Луи кивнул, смущенный и ублаженный громкими словами Принца, которому, он знал это от нескольких людей, было крайне тяжело угодить, особенно в литературе, ведь тот читал первые строки или же одну главу, и если его не цепляло, то он прощался с произведением, но не автором, продолжая искать то, которое ему действительно пришлось бы по душе.
Омега слабо кашлянул и прикрыл глаза, проникаясь своим произведением, чтобы прочувствовать его снова, он не был готов к подобному повороту событий, но раз уж все вышло именно так — жизнь научила его подстраиваться под неожиданные повороты и выходить с гордо поднятой головой из любой ситуации.

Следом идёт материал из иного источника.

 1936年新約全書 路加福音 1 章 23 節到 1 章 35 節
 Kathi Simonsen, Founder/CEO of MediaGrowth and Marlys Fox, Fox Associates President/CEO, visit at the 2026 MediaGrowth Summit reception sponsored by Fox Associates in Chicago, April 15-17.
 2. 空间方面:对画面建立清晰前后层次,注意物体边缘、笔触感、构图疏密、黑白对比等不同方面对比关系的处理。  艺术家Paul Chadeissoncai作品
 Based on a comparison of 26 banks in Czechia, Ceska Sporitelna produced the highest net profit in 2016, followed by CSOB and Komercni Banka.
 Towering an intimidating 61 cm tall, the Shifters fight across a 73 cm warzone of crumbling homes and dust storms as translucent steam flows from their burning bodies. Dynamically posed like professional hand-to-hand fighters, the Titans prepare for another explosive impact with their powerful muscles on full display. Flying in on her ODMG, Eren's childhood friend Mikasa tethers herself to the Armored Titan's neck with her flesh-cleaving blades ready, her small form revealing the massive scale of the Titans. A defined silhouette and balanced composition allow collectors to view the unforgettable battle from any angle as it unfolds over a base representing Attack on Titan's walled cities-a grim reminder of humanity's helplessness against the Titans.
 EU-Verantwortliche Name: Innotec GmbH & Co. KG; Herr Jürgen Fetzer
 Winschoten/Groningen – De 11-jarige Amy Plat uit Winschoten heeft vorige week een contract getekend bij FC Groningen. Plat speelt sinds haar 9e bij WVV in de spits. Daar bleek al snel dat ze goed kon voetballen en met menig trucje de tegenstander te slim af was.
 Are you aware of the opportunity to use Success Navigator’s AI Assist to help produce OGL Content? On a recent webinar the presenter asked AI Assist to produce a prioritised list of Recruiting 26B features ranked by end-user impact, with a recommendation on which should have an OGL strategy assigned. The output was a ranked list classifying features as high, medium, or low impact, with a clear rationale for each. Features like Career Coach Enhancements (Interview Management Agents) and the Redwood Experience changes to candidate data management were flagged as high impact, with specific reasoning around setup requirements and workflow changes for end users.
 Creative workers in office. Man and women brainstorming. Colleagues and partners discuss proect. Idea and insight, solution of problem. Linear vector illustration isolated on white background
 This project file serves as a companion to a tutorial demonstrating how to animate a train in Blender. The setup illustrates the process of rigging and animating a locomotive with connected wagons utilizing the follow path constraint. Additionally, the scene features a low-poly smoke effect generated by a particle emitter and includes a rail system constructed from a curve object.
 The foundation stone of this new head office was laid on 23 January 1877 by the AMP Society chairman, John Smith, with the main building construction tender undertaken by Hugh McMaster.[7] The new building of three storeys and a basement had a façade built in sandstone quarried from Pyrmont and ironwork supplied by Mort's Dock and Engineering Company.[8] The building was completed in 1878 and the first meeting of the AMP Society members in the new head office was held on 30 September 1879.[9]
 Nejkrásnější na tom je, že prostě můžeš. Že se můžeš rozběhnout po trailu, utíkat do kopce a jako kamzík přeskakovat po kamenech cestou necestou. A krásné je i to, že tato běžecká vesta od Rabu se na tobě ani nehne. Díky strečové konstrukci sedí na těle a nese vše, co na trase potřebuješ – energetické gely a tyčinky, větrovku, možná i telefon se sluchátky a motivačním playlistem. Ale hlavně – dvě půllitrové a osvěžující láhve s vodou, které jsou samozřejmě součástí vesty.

— Во смерти ты ко мне прибудешь,
Во смерти буду я в цветах,
И на алтарь, весь белый-белый,
Я положу свой белый страх.
Во смерти больше не забудешь
Мой белый-белый ресниц взмах.
Во смерти ты ко мне прибудешь,
Сам обличенный в белый прах.*
Он отдышался, боясь открыть глаза вновь и увидеть на лицах собравшихся толику презрения и непонимания, ведь он раскрылся им, вывернул душу, прочел то, что тревожило его последние месяцы, что необъяснимым образом выплеснулось из подсознания в предрассветный час, скапливаясь до этого долгое время, будто грузом на плечах. Луи начал анализировать свой голос, то, как он сказал каждое слово, правильно ли передал интонацию, и все, казалось, было так, как и раздавалось в его голове — томно, с небольшим надломом и обреченностью, на грани отчаяния.
— Я ничего не понял, но звучит это потрясающе, — рассмеялся тучный мужчина, возле которого со слезами на глазах сидела его тоненькая благоверная, пытаясь скрыть свои эмоции веером.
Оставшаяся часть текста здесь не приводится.